'''
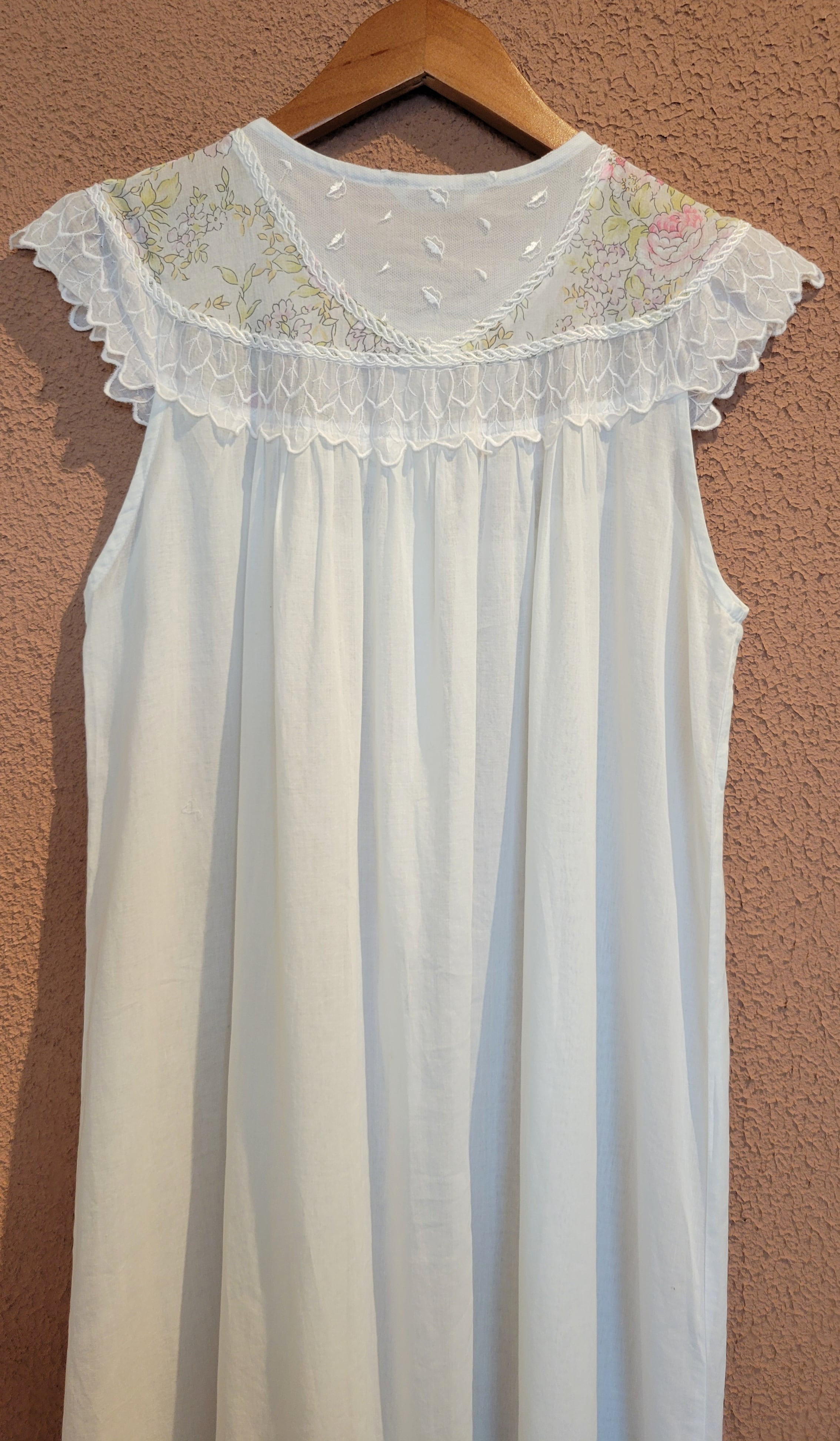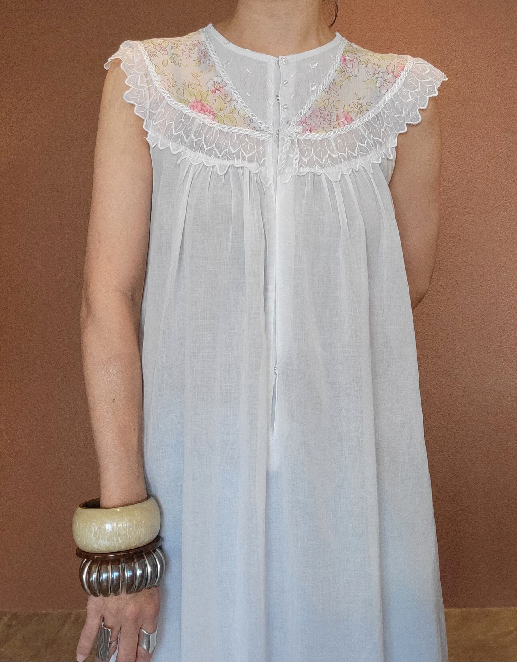 ヴィンテージのラウンジドレス。素材表記はありませんが薄手のコットンのようです。透け感があります。デコルテ周りのプリント生地とレースデザインがお顔周りを華やかに見せてくれます。軽くて涼しい素材感、締め付け感の無いストレスフリーなシルエットはお部屋でのくつろぎ用にもぴったりです。
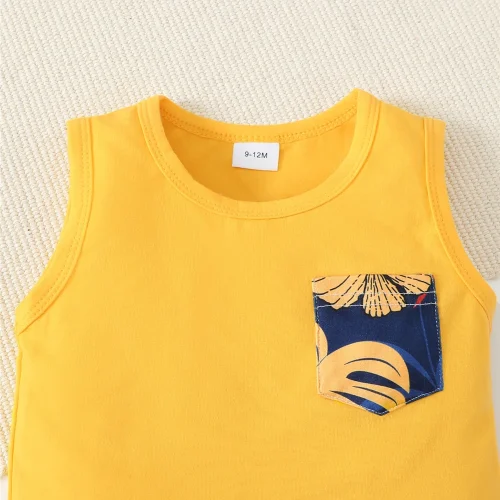 3-24 Months Infant Baby Boy Clothes Set Summer Sleeveless Pocket T-shirt Shorts 2PCS Toddler Boy Casual Outfit Suit Beach Set
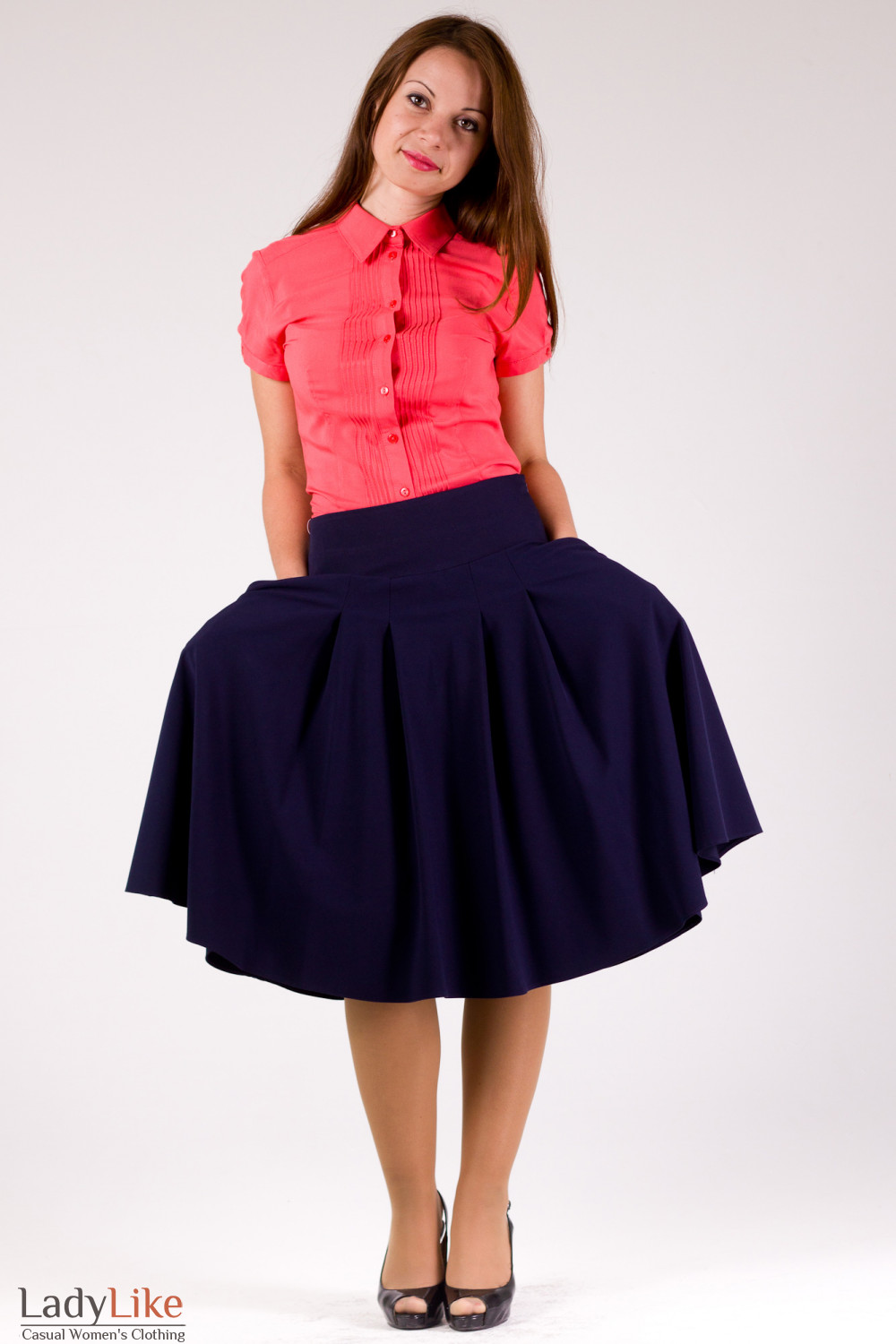 Юбка пышная с карманами синяя
'''
TASK TO COMPLETE: Produce the data again character for character, with the images left out.

ANSWER SPACE:
 ヴィンテージのラウンジドレス。素材表記はありませんが薄手のコットンのようです。透け感があります。デコルテ周りのプリント生地とレースデザインがお顔周りを華やかに見せてくれます。軽くて涼しい素材感、締め付け感の無いストレスフリーなシルエットはお部屋でのくつろぎ用にもぴったりです。
 3-24 Months Infant Baby Boy Clothes Set Summer Sleeveless Pocket T-shirt Shorts 2PCS Toddler Boy Casual Outfit Suit Beach Set
 Юбка пышная с карманами синяя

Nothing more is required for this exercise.